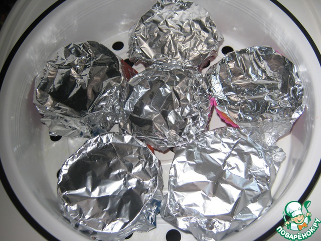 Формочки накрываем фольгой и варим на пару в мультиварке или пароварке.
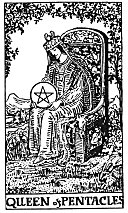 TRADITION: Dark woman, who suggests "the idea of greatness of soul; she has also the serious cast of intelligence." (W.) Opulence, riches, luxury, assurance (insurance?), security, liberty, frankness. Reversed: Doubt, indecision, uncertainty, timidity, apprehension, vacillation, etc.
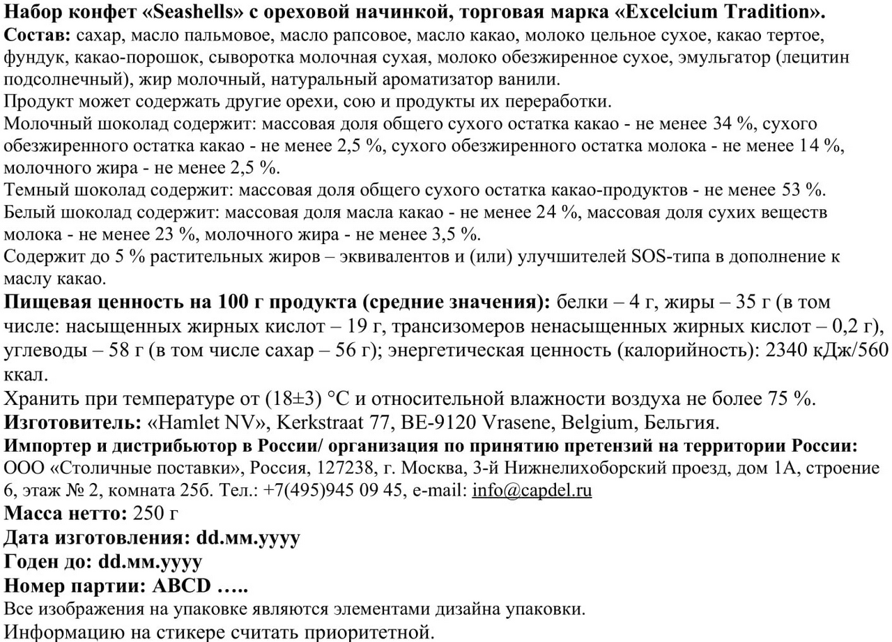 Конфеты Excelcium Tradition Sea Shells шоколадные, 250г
--- --- ---
All of the data is to be transcribed exactly, with images omitted.

 Формочки накрываем фольгой и варим на пару в мультиварке или пароварке.
 TRADITION: Dark woman, who suggests "the idea of greatness of soul; she has also the serious cast of intelligence." (W.) Opulence, riches, luxury, assurance (insurance?), security, liberty, frankness. Reversed: Doubt, indecision, uncertainty, timidity, apprehension, vacillation, etc.
 Конфеты Excelcium Tradition Sea Shells шоколадные, 250г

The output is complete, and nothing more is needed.